Content of this article

I made a package that can compare morphological analyzers with Python.
Works with Python2.7 and Python3.x.
Supports 4 morphological analyzers
Can be installed with pip. pip install Japanese Tokenizer
Package URL
However, Windows is not good. Sorry.

Package features

Provides a simple interface for word splitting
The operation of "word division-> filtering by stop word and part of speech" is completed in one line
4 types of Mecab, Juman, Juman ++, Kytea can be called with the same interface
Can be used in practice
It has been used everywhere in Insight-tech Co., Ltd. for over a year and a half.
Even millions of texts are processed fairly quickly
Actually, it works faster than the original pyknp (v0.3)
Provides a simple interface for adding dictionaries
Supports neologd dictionaries and csv user dictionaries
mecab only

How to use

Preparation

Make file has been set up in the Github repository.

If you can make it, install it manually. Please refer to this section to install.

Sample code

A sample is shown in python3.x. If you want to see the sample for python2.x, [example code](https://github.com/Kensuke- See Mitsuzawa / JapaneseTokenizers / blob / master / examples / examples.py).

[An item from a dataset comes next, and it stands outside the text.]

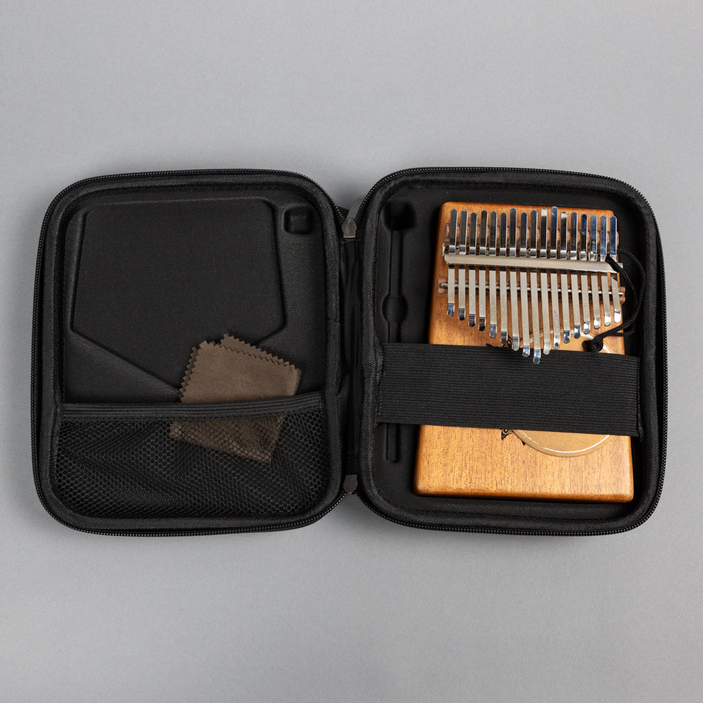 The Kalimba comes with a case so you can protect it from scratches and other damage. To remove stains from your Kalimba and to keep it safe afterward, a microfiber cloth and a linen bag are also included. Besides that, there is also a tuning hammer in case you want to retune your Kalimba.
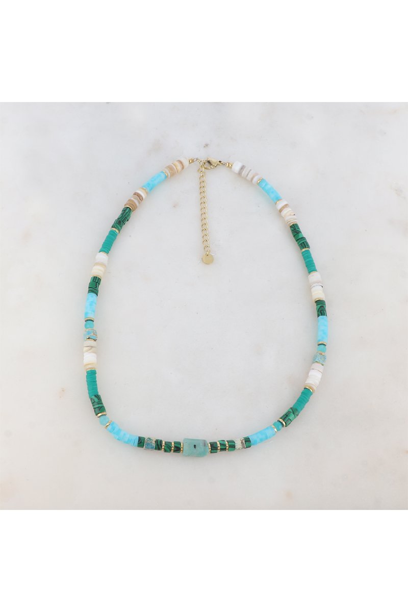 Collier serti d’agates, de coquillages et de perles Heishi.

The part of speech system is summarized in detail on this page. The part of speech system of Juman / Human ++ is also described, so if you want to perform part of speech filtering with Juman / Human ++, please switch and use it.

By the way, you can also use the neologd dictionary in Human / Human ++. Please see this article. I made a script to make the neologd dictionary usable in juman / juman ++

The only difference between Mecab, Juman / Human ++, and Kytea is the class they call. It inherits the same common class.

Morphological analysis with mecab

Introducing how to use Version 1.3.1.

import JapaneseTokenizer
#Select a dictionary type."neologd", "all", "ipadic", "user", ""Can be selected.
mecab_wrapper = JapaneseTokenizer.MecabWrapper(dictType='neologd')
#Define the part of speech you want to acquire.
pos_condition = [('noun', '固有noun'), ('adjective', 'Independence')]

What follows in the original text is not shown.